*** Begin section ***
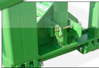
Transport Lock is standard equipment on most vertical fold tool bars. This safety measure could prevent injury or equipment damage while transporting implement from one field to the next.
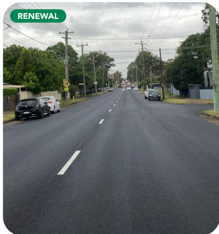
Guildford Road, Guildford
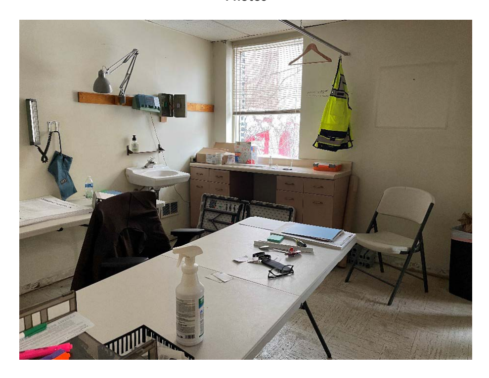
Photo 11 - View of one of the rooms on the north side of the main floor, currently being utilized as an office, facing northwest.
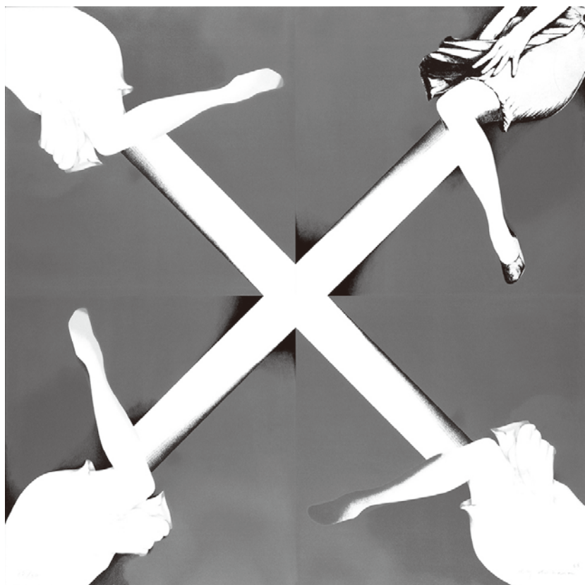
▲ YOSHIHARA Hideo , Seesaw 1, lithograph and etching on paper [1968]
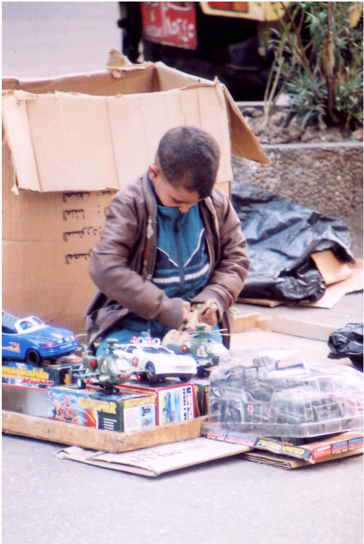
A young boy selling toys on one of Cairo's major downtown streets.
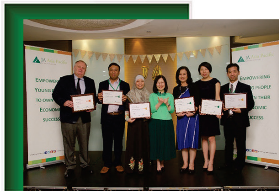
Long Service Awards recipients receiving their awards on site at the JA AP Awards Dinner

One of the major highlights of the 2018 JA AP Leadership Conference was the celebration and recognition of the outstanding leaders from the network at the JAAP Awards dinner in the evening of Day 1 . 270 year of services dedicated to the future of our youth in Asia Pacific was celebrated.
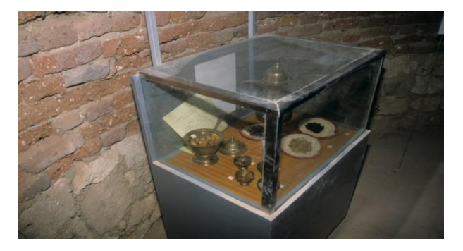
Figure 3: Archaeological objects discovered within Quseir Fort exhibited in glass case.
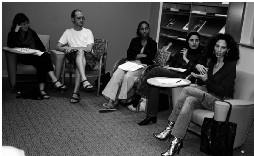
Suheir Hammad talks with students in the Stone Center Library
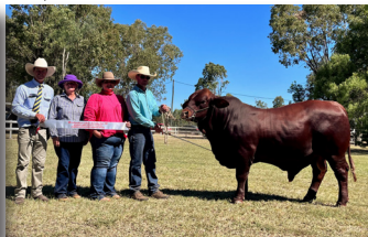
QUEENSLANDER - SUPREME EXHIBIT
*** End section ***
Return a copy of each line in the entries that contains "major".

#### [SOLUTION TO THIS EXERCISE]
A young boy selling toys on one of Cairo's major downtown streets.
One of the major highlights of the 2018 JA AP Leadership Conference was the celebration and recognition of the outstanding leaders from the network at the JAAP Awards dinner in the evening of Day 1 . 270 year of services dedicated to the future of our youth in Asia Pacific was celebrated.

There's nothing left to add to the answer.